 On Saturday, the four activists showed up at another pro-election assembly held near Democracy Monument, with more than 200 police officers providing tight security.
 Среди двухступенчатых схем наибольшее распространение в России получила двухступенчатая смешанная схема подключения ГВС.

...

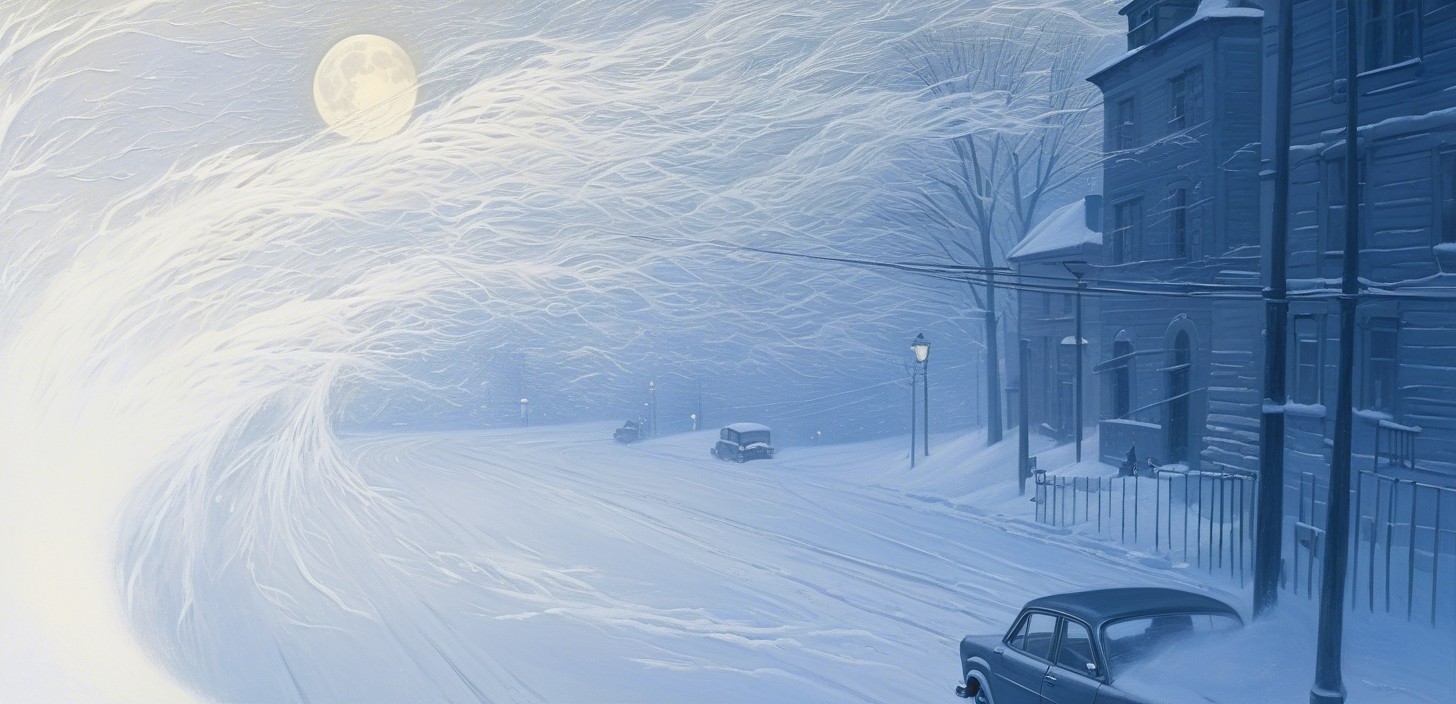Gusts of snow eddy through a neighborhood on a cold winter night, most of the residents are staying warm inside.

--

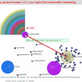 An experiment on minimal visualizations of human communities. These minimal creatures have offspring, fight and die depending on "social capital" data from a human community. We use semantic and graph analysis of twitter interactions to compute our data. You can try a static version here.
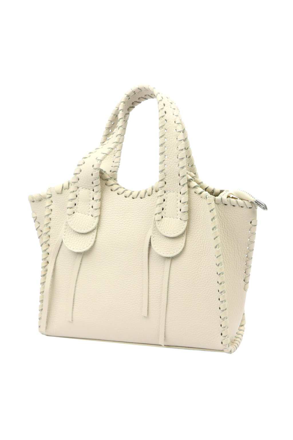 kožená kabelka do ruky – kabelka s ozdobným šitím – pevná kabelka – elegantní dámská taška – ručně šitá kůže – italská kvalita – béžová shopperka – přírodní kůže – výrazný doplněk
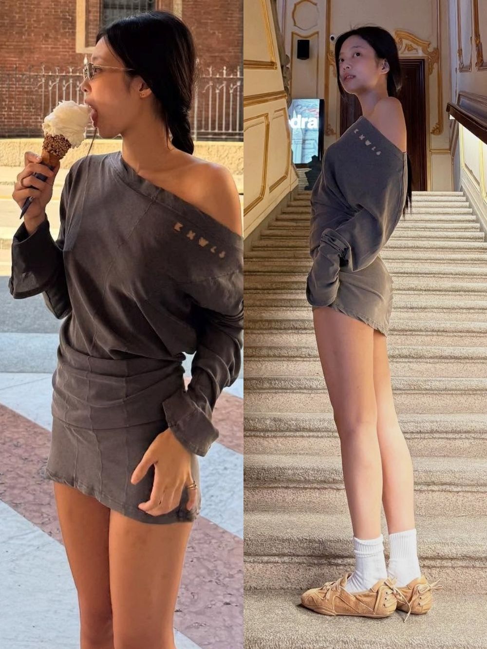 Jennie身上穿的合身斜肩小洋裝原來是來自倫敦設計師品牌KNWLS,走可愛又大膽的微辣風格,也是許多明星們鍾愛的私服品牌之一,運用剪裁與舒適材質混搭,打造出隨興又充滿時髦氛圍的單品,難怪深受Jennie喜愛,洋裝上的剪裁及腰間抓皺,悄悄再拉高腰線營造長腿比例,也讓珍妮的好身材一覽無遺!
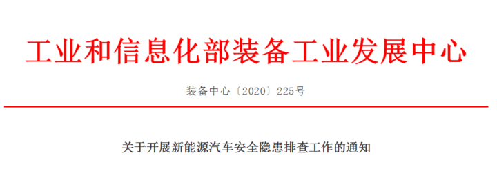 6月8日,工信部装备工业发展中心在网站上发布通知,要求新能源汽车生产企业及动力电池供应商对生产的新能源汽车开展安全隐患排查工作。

Aim of the task:
Taking the records above, print only and exactly the lines from the line with "An experiment on" to the line with "6月8日,工信部装备工业发展", both kept, and exclude pictures.

Task response:
 An experiment on minimal visualizations of human communities. These minimal creatures have offspring, fight and die depending on "social capital" data from a human community. We use semantic and graph analysis of twitter interactions to compute our data. You can try a static version here.
 kožená kabelka do ruky – kabelka s ozdobným šitím – pevná kabelka – elegantní dámská taška – ručně šitá kůže – italská kvalita – béžová shopperka – přírodní kůže – výrazný doplněk
 Jennie身上穿的合身斜肩小洋裝原來是來自倫敦設計師品牌KNWLS,走可愛又大膽的微辣風格,也是許多明星們鍾愛的私服品牌之一,運用剪裁與舒適材質混搭,打造出隨興又充滿時髦氛圍的單品,難怪深受Jennie喜愛,洋裝上的剪裁及腰間抓皺,悄悄再拉高腰線營造長腿比例,也讓珍妮的好身材一覽無遺!
 6月8日,工信部装备工业发展中心在网站上发布通知,要求新能源汽车生产企业及动力电池供应商对生产的新能源汽车开展安全隐患排查工作。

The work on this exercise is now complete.